DATA EXCERPT.
== Segment start ==
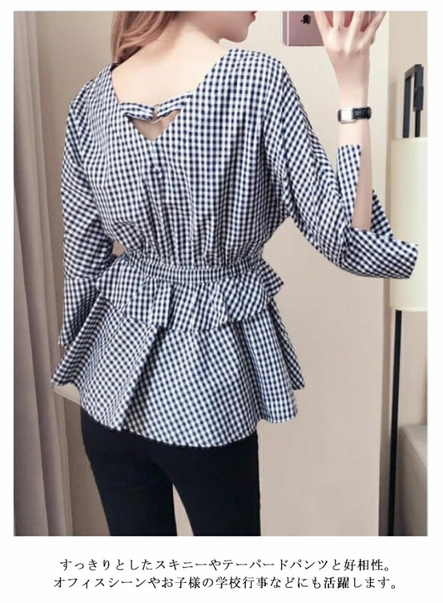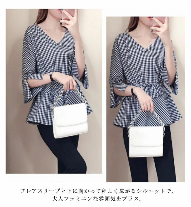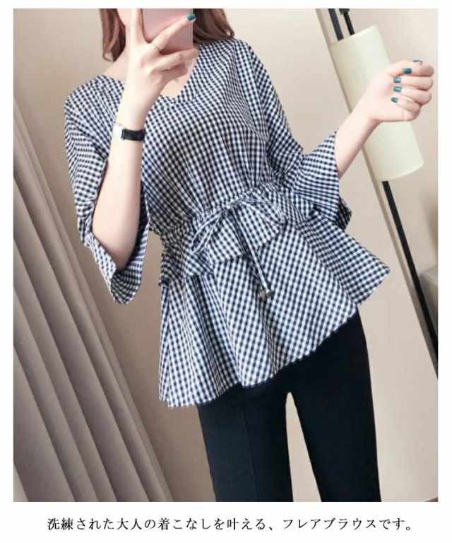フレアチュニック ペプラム フレンチスリーブ ティアードチュニック フリル ギャザー ティアード ペプラムブラウス フレア ブラウス ティアードチュニック ブラウス 五分袖 Vネック チェック柄 春 夏 薄手 体型カバー
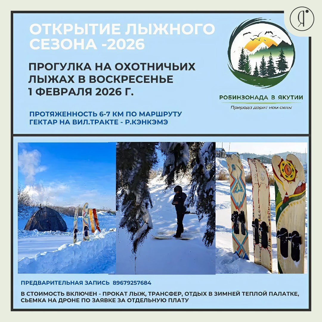 #ЗаГородом Программа дня: 09:00 – Сбор на 203 мкр. 10:00 – Приезд на место, установка зимней палатки, растопка печки, чаепитие 11:00–14:00 – Лыжная прогулка по урочищу (6–7 км) 14:00–15:00 – Отдых в тёплой палатке, чаепитие, сборы 15:30–16:30 – Возвращение к месту сбора Что взять с собой: перекус и горячее питьё; запасную одежду, перчатки/варежки и удобную непромокаемую обувь (без металлических шипов) Оператор обеспечит: - охотничьи лыжи - палатку с печкой - сопровождение 1 февраля Маршрут: Гектар на Вил.тракте - реки Кэнкэмэ 2500 руб. +79679257684 Online Якутия | Ждем вас в МАХ
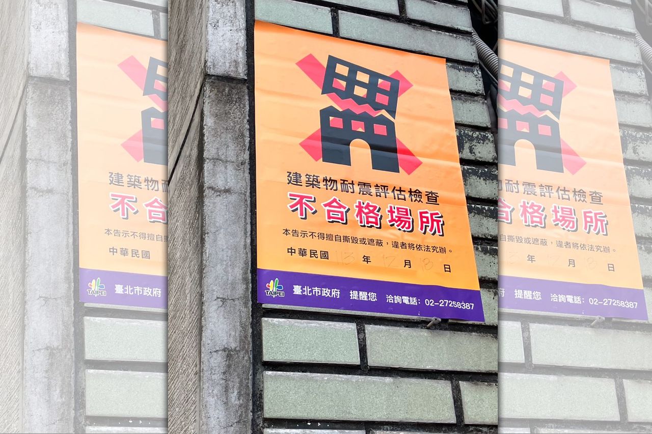 ▲東方工商的中正樓面被貼上建物不合格貼紙,讓師生及家長非常不安。(圖/鏡週刊提供,下同)
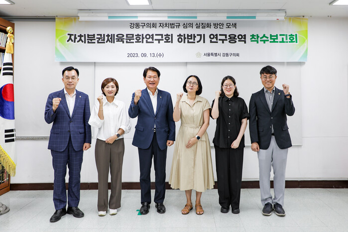 [시민일보 = 이대우 기자] 서울 강동구의회 의원 연구단체 자치분권체육문화연구회가 최근 강동구의회 세미나실에서 ‘강동구의회 자치법규 심의 실질화 방안 모색’을 주제로 한 하반기 연구용역 착수보고회를 개최했다.
== Segment end ==
EXERCISE.
Everything from the line containing "#ЗаГородом Программа дня: 09:00" to the final line of the listing above, both ends included, should be transcribed word for word, except for the pictures.

RESPONSE TO THE EXERCISE.
 #ЗаГородом Программа дня: 09:00 – Сбор на 203 мкр. 10:00 – Приезд на место, установка зимней палатки, растопка печки, чаепитие 11:00–14:00 – Лыжная прогулка по урочищу (6–7 км) 14:00–15:00 – Отдых в тёплой палатке, чаепитие, сборы 15:30–16:30 – Возвращение к месту сбора Что взять с собой: перекус и горячее питьё; запасную одежду, перчатки/варежки и удобную непромокаемую обувь (без металлических шипов) Оператор обеспечит: - охотничьи лыжи - палатку с печкой - сопровождение 1 февраля Маршрут: Гектар на Вил.тракте - реки Кэнкэмэ 2500 руб. +79679257684 Online Якутия | Ждем вас в МАХ
 ▲東方工商的中正樓面被貼上建物不合格貼紙,讓師生及家長非常不安。(圖/鏡週刊提供,下同)
 [시민일보 = 이대우 기자] 서울 강동구의회 의원 연구단체 자치분권체육문화연구회가 최근 강동구의회 세미나실에서 ‘강동구의회 자치법규 심의 실질화 방안 모색’을 주제로 한 하반기 연구용역 착수보고회를 개최했다.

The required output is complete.